* **Task statement**
Pictures are to be left out. Return exactly the lines below from the one with "4、在賬號(hào)與安全的" up to and including the one with "Once they were".

* **Records for the exercise**
= = = =
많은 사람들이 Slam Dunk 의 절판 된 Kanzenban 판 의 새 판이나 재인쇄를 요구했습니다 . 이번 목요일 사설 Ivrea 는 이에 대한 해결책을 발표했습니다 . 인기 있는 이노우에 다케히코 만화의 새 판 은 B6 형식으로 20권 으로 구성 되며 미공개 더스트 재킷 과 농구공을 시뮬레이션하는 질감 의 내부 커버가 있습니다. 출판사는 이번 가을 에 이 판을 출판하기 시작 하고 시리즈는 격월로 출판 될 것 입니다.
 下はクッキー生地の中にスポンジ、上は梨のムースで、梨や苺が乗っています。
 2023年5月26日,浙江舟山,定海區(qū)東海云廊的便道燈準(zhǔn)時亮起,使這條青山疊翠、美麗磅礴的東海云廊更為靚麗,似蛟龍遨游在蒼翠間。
= = = =
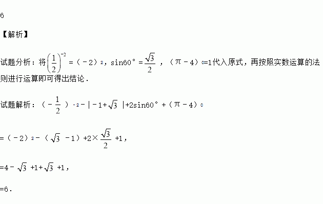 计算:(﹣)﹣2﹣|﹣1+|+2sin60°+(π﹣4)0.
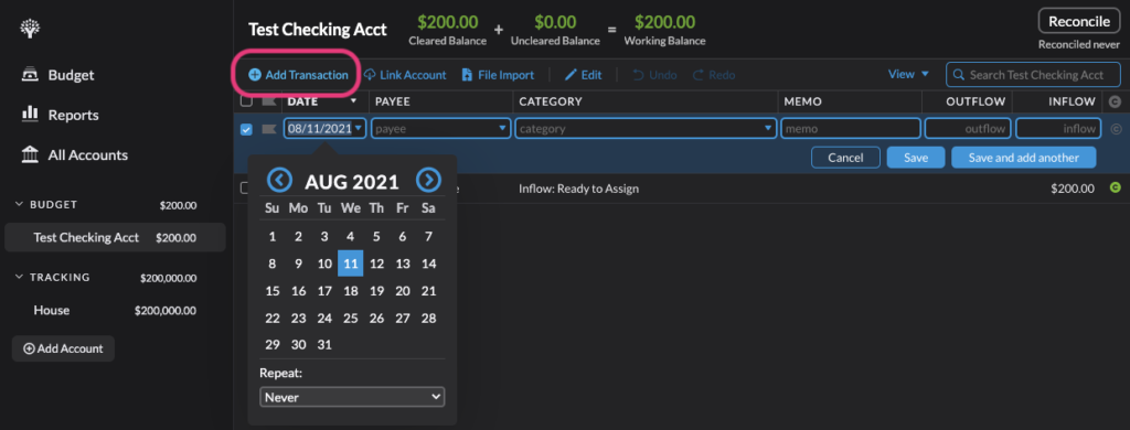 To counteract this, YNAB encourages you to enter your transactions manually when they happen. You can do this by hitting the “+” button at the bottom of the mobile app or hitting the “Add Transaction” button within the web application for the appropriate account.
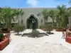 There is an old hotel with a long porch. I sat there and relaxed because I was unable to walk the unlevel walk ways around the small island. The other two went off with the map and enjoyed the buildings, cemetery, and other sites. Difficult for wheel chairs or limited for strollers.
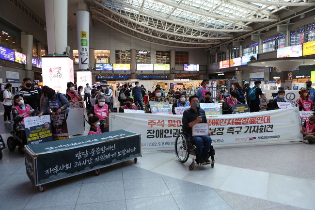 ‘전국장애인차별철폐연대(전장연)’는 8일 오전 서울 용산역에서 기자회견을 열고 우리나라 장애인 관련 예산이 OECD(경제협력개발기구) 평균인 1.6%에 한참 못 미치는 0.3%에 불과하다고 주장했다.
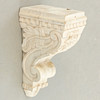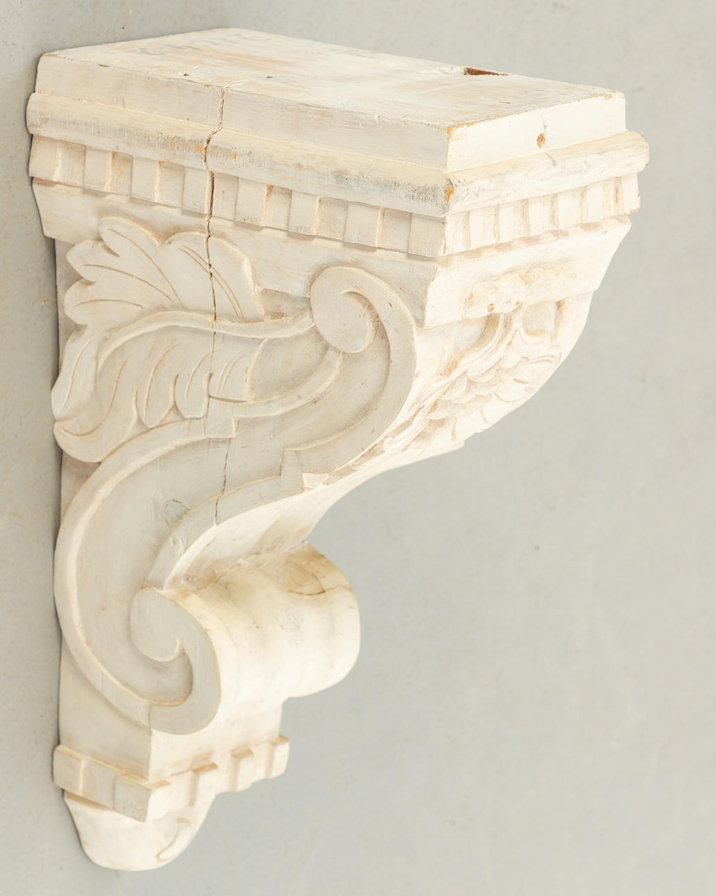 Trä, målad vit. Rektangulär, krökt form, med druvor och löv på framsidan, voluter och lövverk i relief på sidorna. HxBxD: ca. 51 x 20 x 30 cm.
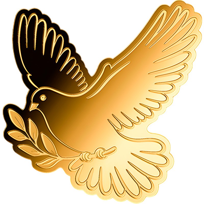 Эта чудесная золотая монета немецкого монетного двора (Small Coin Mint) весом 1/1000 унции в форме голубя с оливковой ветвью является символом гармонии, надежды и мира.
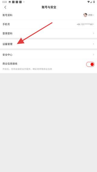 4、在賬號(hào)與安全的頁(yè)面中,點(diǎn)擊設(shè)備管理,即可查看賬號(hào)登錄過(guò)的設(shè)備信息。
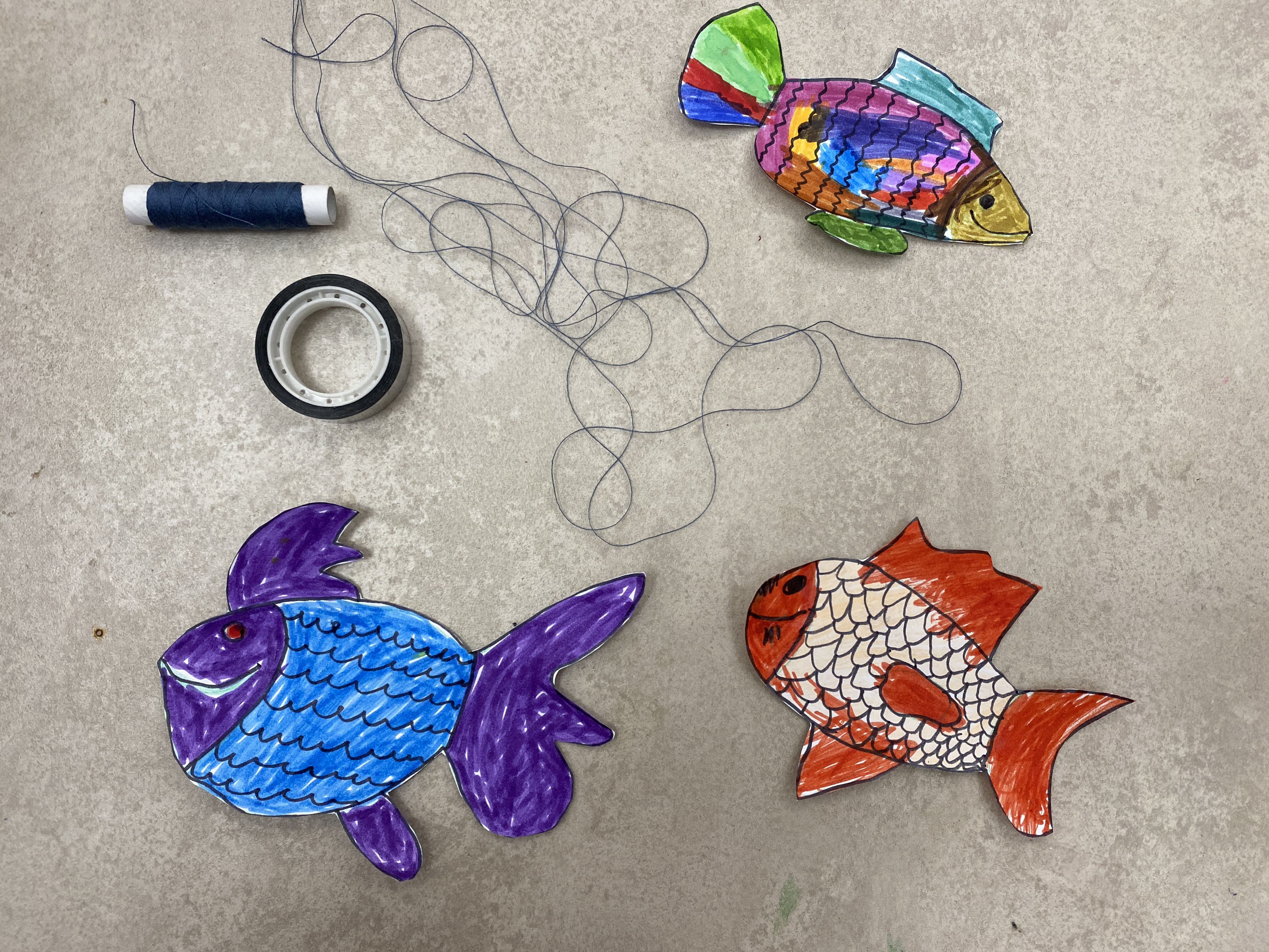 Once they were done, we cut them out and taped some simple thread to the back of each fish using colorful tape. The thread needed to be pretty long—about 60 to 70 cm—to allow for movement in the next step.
= = = =
* **Exercise response**
 4、在賬號(hào)與安全的頁(yè)面中,點(diǎn)擊設(shè)備管理,即可查看賬號(hào)登錄過(guò)的設(shè)備信息。
 Once they were done, we cut them out and taped some simple thread to the back of each fish using colorful tape. The thread needed to be pretty long—about 60 to 70 cm—to allow for movement in the next step.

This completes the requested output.